Figure 16: Pixel-centered images across the FPA after adjusting the focus by 40 µm during

Commissioning. Each EE Target is normalized to the brightest pixel in the target aperture, rotated and translated to the common FPA co-ordinate system, and linearly scaled to the color bar to the right. Black lines on color bar represent 10% intervals. Some channels did not have targets, or the targets were deemed unsatisfactory. The EE targets are magnified by 50x compared to the spacing between them in this image. Relatively dim stars near targets and smear correction artifacts are also visible.

Figure 17: Observed 95% EE diameter after focusing the Kepler telescope (see Bryson et al. 2011 for discussion), arranged in the FPA co-ordinate system. Each box is labeled by channel, followed by the 95% EE diameter in pixels. Green indicates a 95% EE diameter well within the 7.0 pixel requirement, shading to red in those few cases where the requirement is approached or slightly exceeded. The white corners indicate FGS channels.

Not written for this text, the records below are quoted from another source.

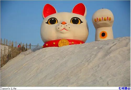 【台南│景點】巨大招財貓進駐鹽山,融為一體太卡哇依啦。七股鹽山(即日起~3/15)
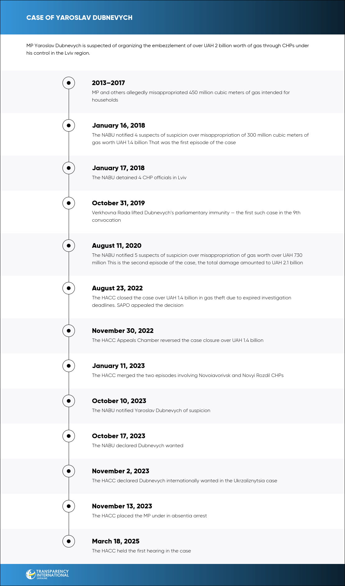 Yaroslav Dubnevych is accused of orchestrating the embezzlement of natural gas from NAK Naftogaz of Ukraine, resulting in losses to the state (represented by Naftogaz) amounting to over UAH 2.1 billion, and of laundering over UAH 457 million.
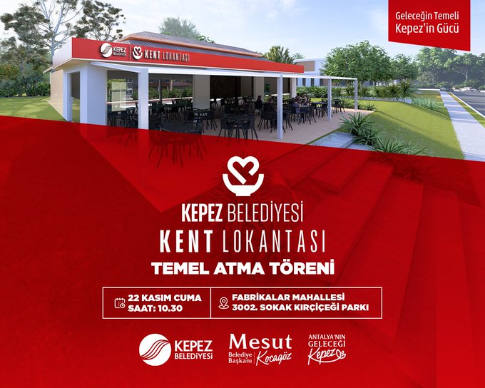 Kepez halk lokantasının temel atma töreni, 22 Kasım Cuma günü saat 10.30’da Fabrikalar Mahallesi, 3002. Sokak Kırçiçeği Parkı’nda gerçekleştirilecek.
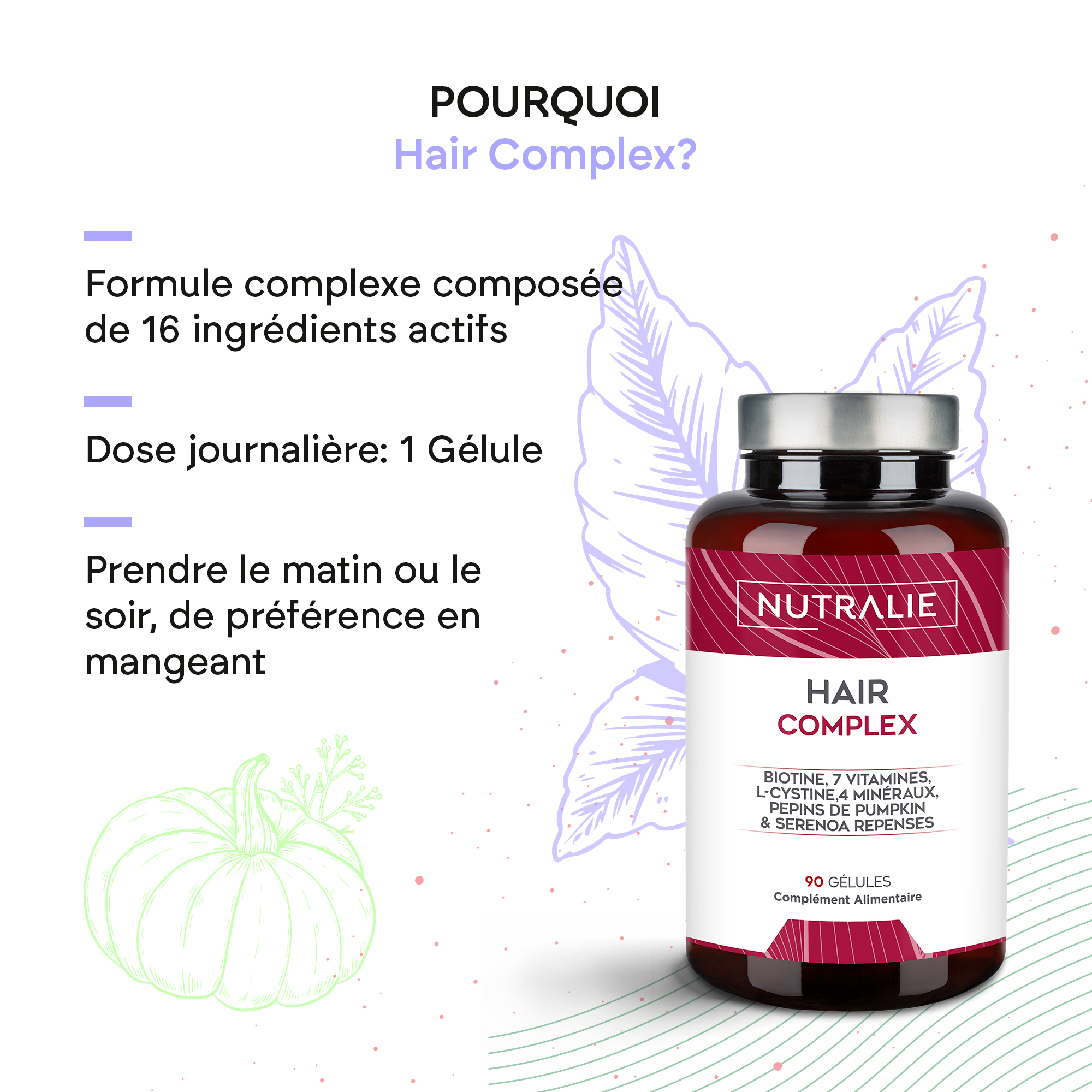 Nutralie Hair Complex contient de la biotine, qui contribue également au maintien d'une peau et de cheveux normaux.
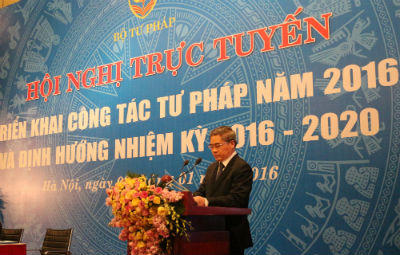 (PLO) - Sáng nay 8/1, Bộ Tư pháp đã tổ chức hội nghị trực tuyến triển khai công tác tư pháp năm 2016 và định hướng nhiệm kỳ 2016-2020.
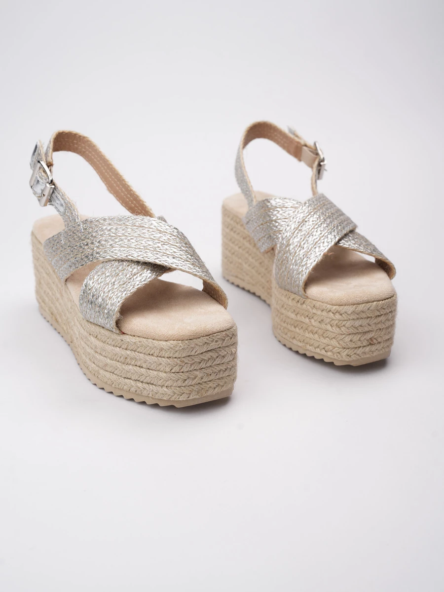 Damskie Sandały CASSIA SILVER to połączenie wakacyjnej swobody z nowoczesnym, metalicznym wykończeniem. Szerokie paski wykonane z połyskującego materiału tekstylnego krzyżują się efektownie na śródstopiu, zapewniając stabilność i stylowy wygląd. Pleciona platforma podkreśla letni charakter modelu, a regulowany pasek z klamerką pozwala na perfekcyjne dopasowanie. To idealne buty na lato – na spacer, urlop czy codzienne miejskie stylizacje z nutą blasku.
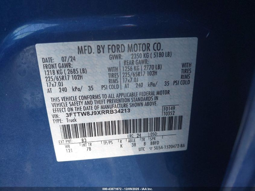 2024 FORD MAVERICK 2024 року Бензин, 2.0, Полный привод, vin - 3FTTW8J9XRRB34213 из США
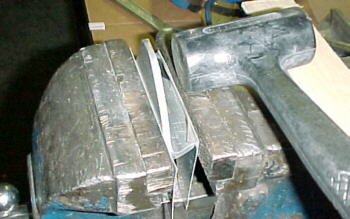 The front wing/tank attach fittings need to be bent slightly to conform to the fuselage mating angle. I did this by clamping the fitting in protected vise jams and used a dead blow hammer with a piece of 1/4 plywood for protection of the fitting.
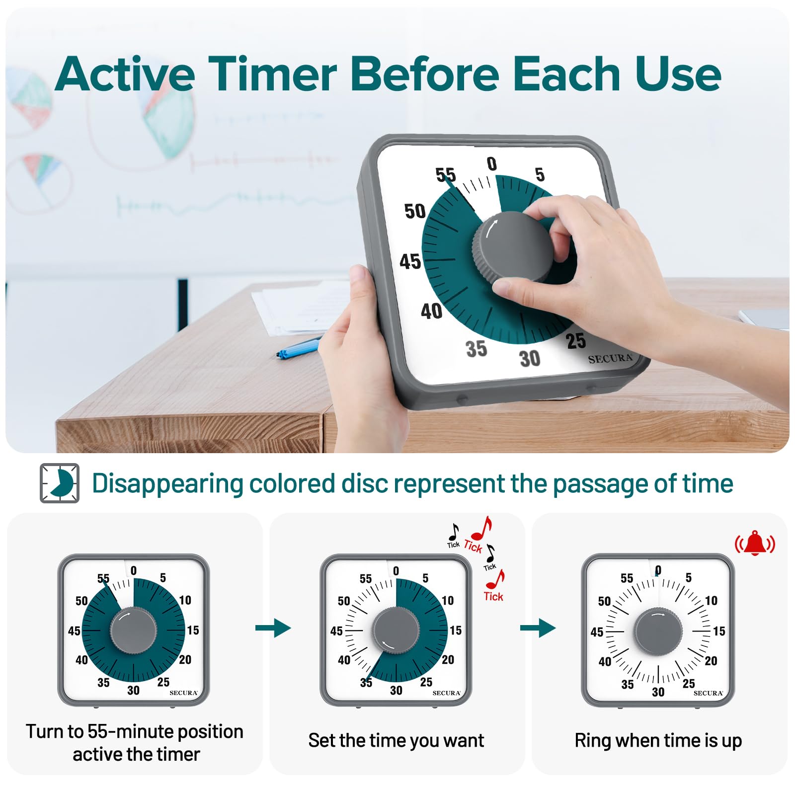 - EASY TO USE – Simply turn the control knob clockwise to expand the bright blue disk—making it easy to see the time count down visually
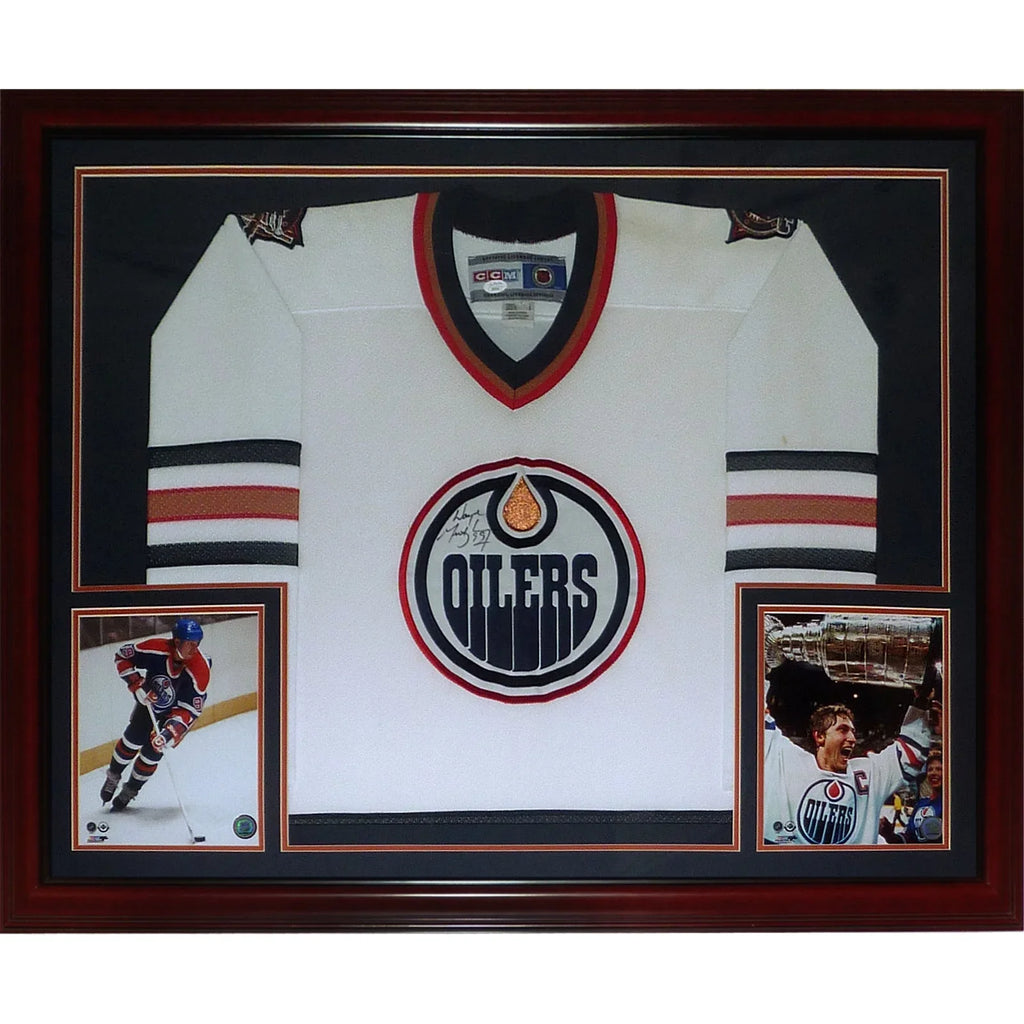 Own a piece of hockey history with this autographed Wayne Gretzky Edmonton Oilers jersey! This deluxe framed jersey comes with a JSA letter of authenticity, ensuring its value and quality. A must-have for any fan or collector, this jersey brings the excitement and passion of the game right into your home. The total frame dimensions measure 44 x 36.
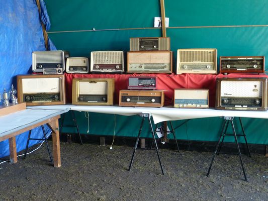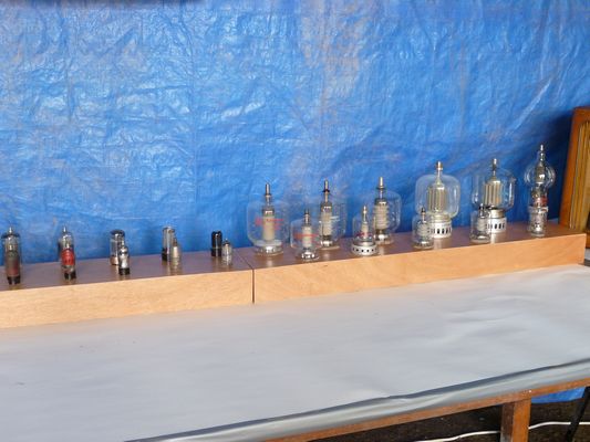 oude lampen radio's, zenders, versterkers, eigenbouw projecten, fabrieks materiaal en een verzameling buizen staan uitgestald.
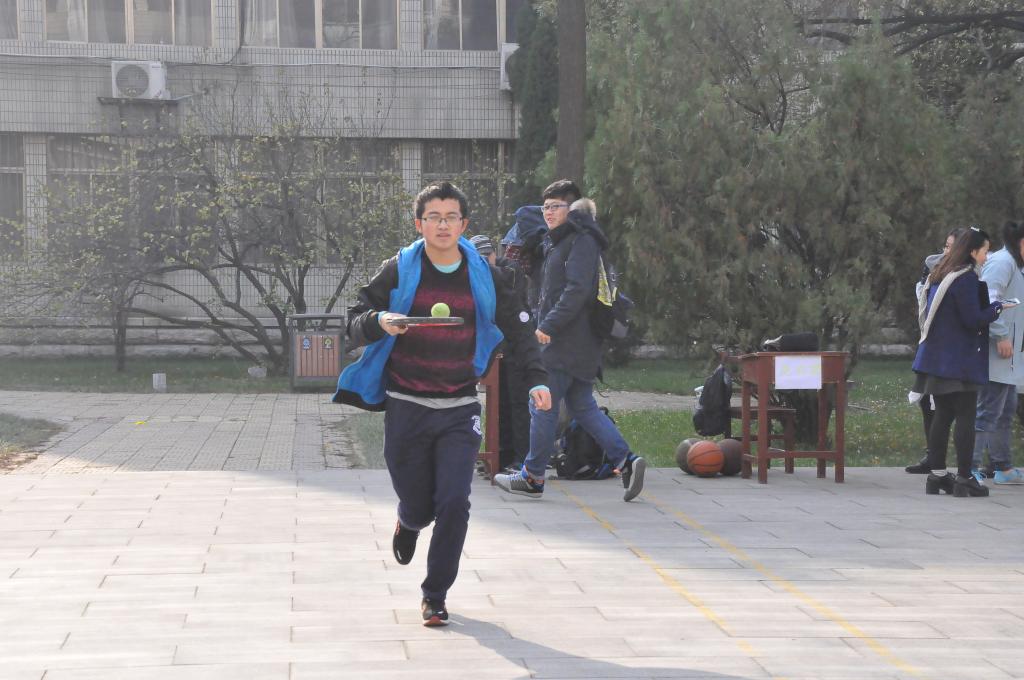 本次吉尼斯竞技记录赛囊括了袋鼠跳、踢羽毛球、齐心协力、投筷子、球拍端球跑、筷子夹玻璃球、自行车慢骑、颠球、跳绳、转呼啦圈、钥匙开锁、瞎子过桥、驿站密码、最强大脑、九九数独、我来找茬等20个项目,生动有趣、种类繁多。比赛形式为现场报名,每项活动都吸引了大批同学参观和参赛。跳绳比赛中选手们身轻如燕,弹跳有力,绳舞飞扬幻化成一道道亮丽的曲线。接下来的踢羽毛球比赛更是将现场气氛推向新的高潮,各位参赛选手动作娴熟,快而不乱,现场的呐喊声此起彼伏,好不热闹。
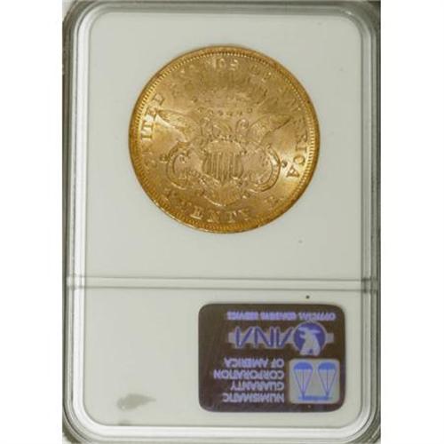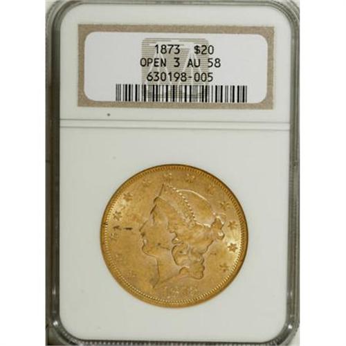 <B>1873 $20 Open 3 AU58 NGC.</B></I> NGC Census: (1829/3183). PCGS Population (579/2348). Numismedia Wsl. Price for NGC/PCGS coin in AU58: $740. (#8967)<BR><BR><B>Coin Engraver:</B> James B. Longacre<BR><BR><b>Shipping:</b> Coins & Currency (<a target="_blank" href="http://www.heritageauctions.com/common/shipping.php">view shipping information</a>)

A preliminary analysis of the percent flux in the center pixel of the pixel-centered images shown in Figure 16, grouped by module like the EE results shown in Figure 17, gives results from 20% to 62%, with a median value of 45%. It therefore appears that the focusing activity made the EE diameters smaller, without an excessive concentration of light in the brightest pixels. Table 14 shows 95% EE and central pixel brightness results for all channels.